The problems are generally:
- Not loading in the required timeframe
- There is no quality in the confidence of the data
- Query response time is too slow
The process we run through needs to be tailored for each organisation, unfortunately there is no 'one size fits all' approach to this, however one of the objectives over the next few months is to try and formalise this process and create/publish a methodology or approach we use for this. This would go further than a database tuning exercise, and would encompass areas like:
- Verification/understanding of the business requirements (do they want and need a Data Warehouse?)
- Review the data model (is there a design for this piece of 'software'?)
- Review the ETL process (will it really load in 3 hours, do they really mean real-time?)
- Data quality (data what?)
- Review the database (do the Data Warehouse features used approximate to 7.3.4 or 10gR2?)
- Aggregation strategy (how much work is the database doing to answer aggregated queries)
So what have we found - well, there may be a number of reasons why things may not be well on the good ship Data Warehouse. Warehouses tend to grow organically, responding to user requirements, organisational changes and merger/acquisitions when needed.
This can dilute the design, stretch the ETL process and invalidate some of the fundamental design decisions taken about the Warehouse. The use of standardised design patterns and a high level data model can help rectify this. Although sometimes seen as an over-simplification, it can provide a basis for putting the Data Warehouse back on track. A high level design can work as a medium that all the stakeholders can work round.
Another important issue is how the business works with the IT team. The development can be led from either the IT department or the business. If it lead from an IT side there is often an understanding of the kinds of requirements it is likely to meet, but there is also an aspect of the Field of Dreams 'build it and they will come'. More often the requirements are driven by the business. This makes it easier to establish business
sponsorship and ownership, and to be honest more likely to succeed. One of the problems is establishing expectations for business input, its not just a case of them providing some requirements and then walking away. One method that has proved helpful is
to use contract-like documents such a Acceptance Criteria or Service Level Agreement to set expectations across the whole project.
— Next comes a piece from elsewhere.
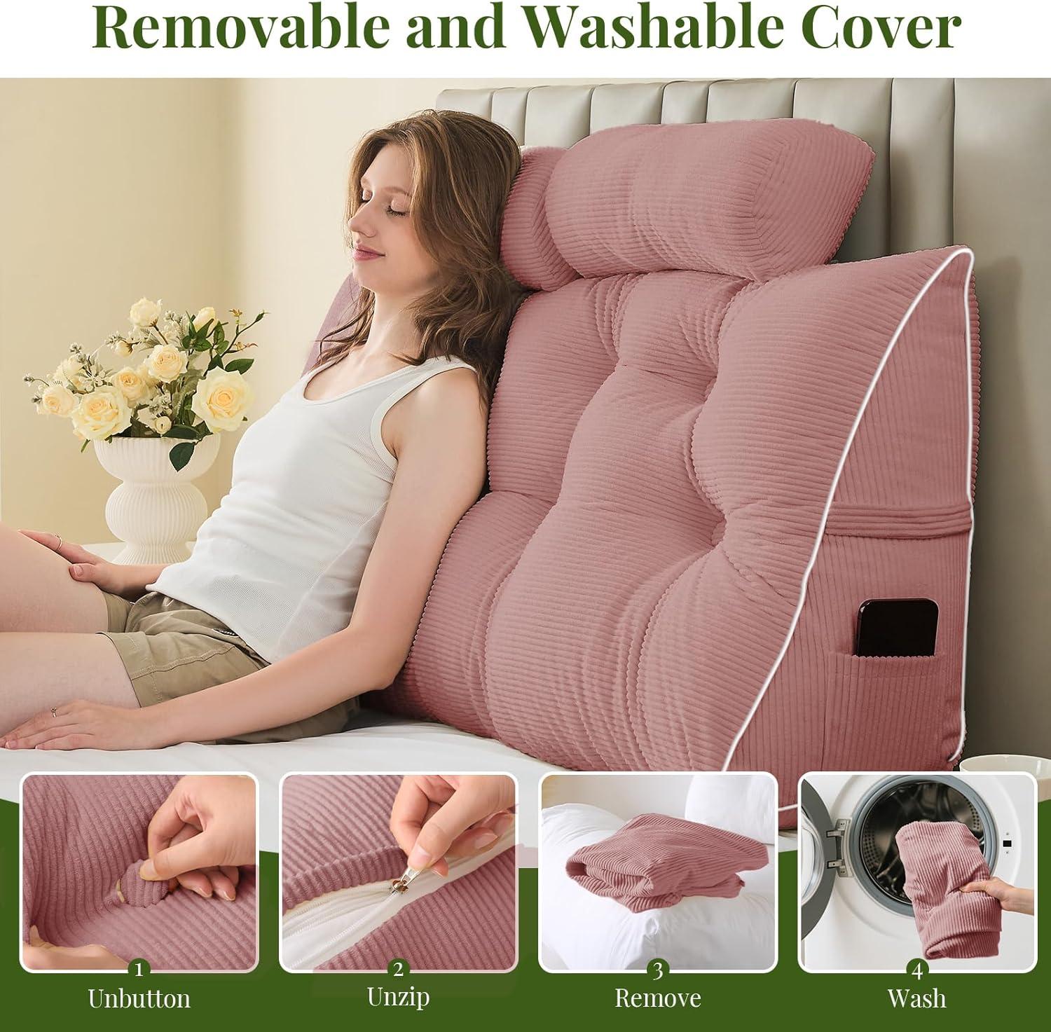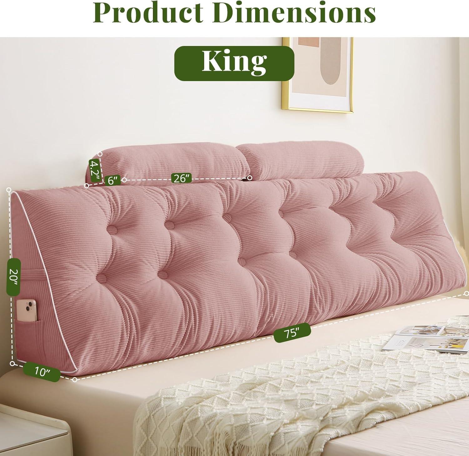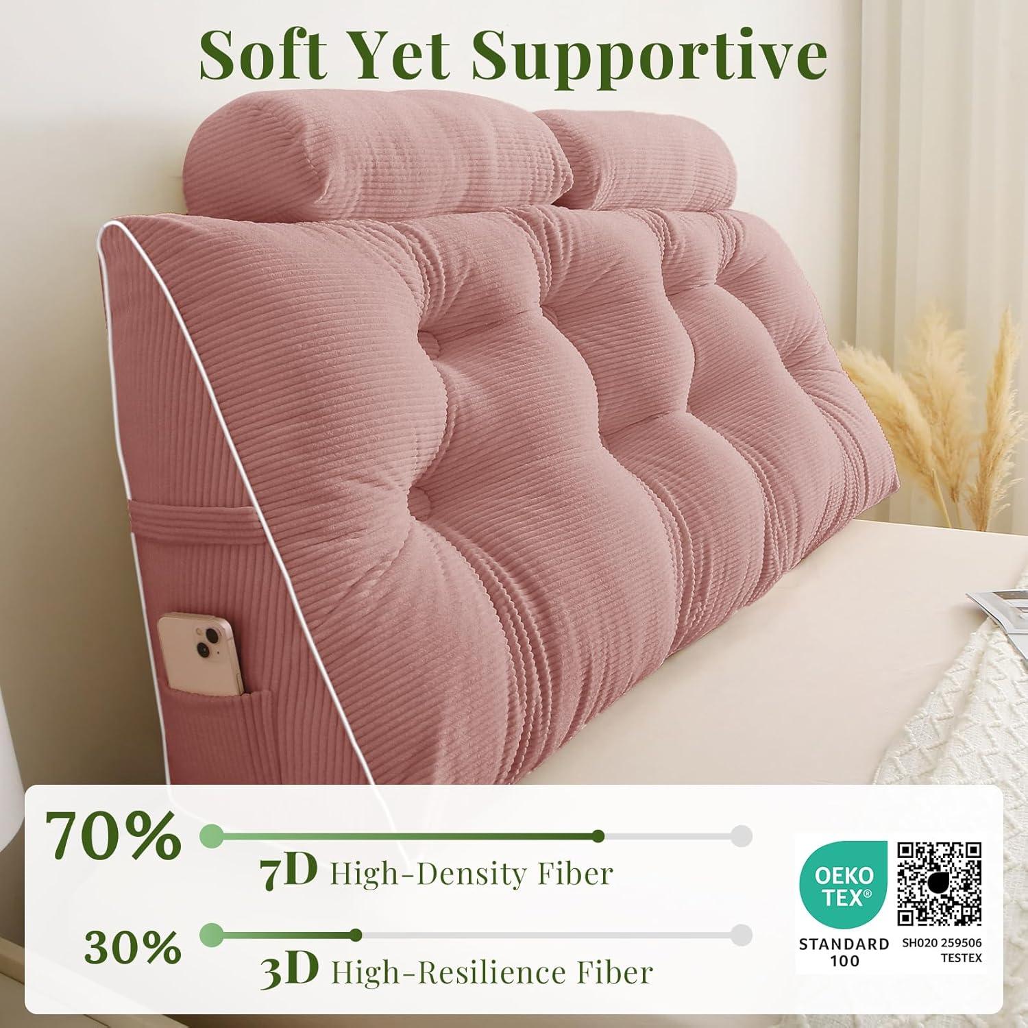 Bulit to Last: Crafted from 9 oz/yd² heavyweight wide wale corduroy, our headboard pillow combines plush texture with exceptional durability. The thick ridged fabric resists wear and tear, making it ideal for long-term use. Machine wash with low temperature drying. Note: After opening the packaging, please fluff the product with both hands and place it in a well-ventilated area for 2-3 days to restore its fluffiness

The bottom line is Data Warehouse projects must be run in the same way as other Software Development projects. If there are no clear requirements the project may well drift and a lot rework could be required. If there is no strong configuration management
process used then you can't be sure of what is being release, and when. If no design is employed, you cannot guarantee the user requirements are met, or that your ETL or query processes are efficient. If there is insufficient testing then users will not have confidence in the data. If you follow standard Software Development techniques, however traditional or agile, you will have a better chance of success.
So what next? As I mentioned above we are looking to further formalise the process and enhance our methodology. I am also submitting a couple of papers for the UKOUG, one talking around some of the Data Warehousing issues mentioned above and another focusing of some OWB best practices and advanced techniques.
So to conclude, does anyone know why you can't use laptops and iPods on aeroplanes during take-off and landing? Will it make them crash, should we be worried, are they not telling us something?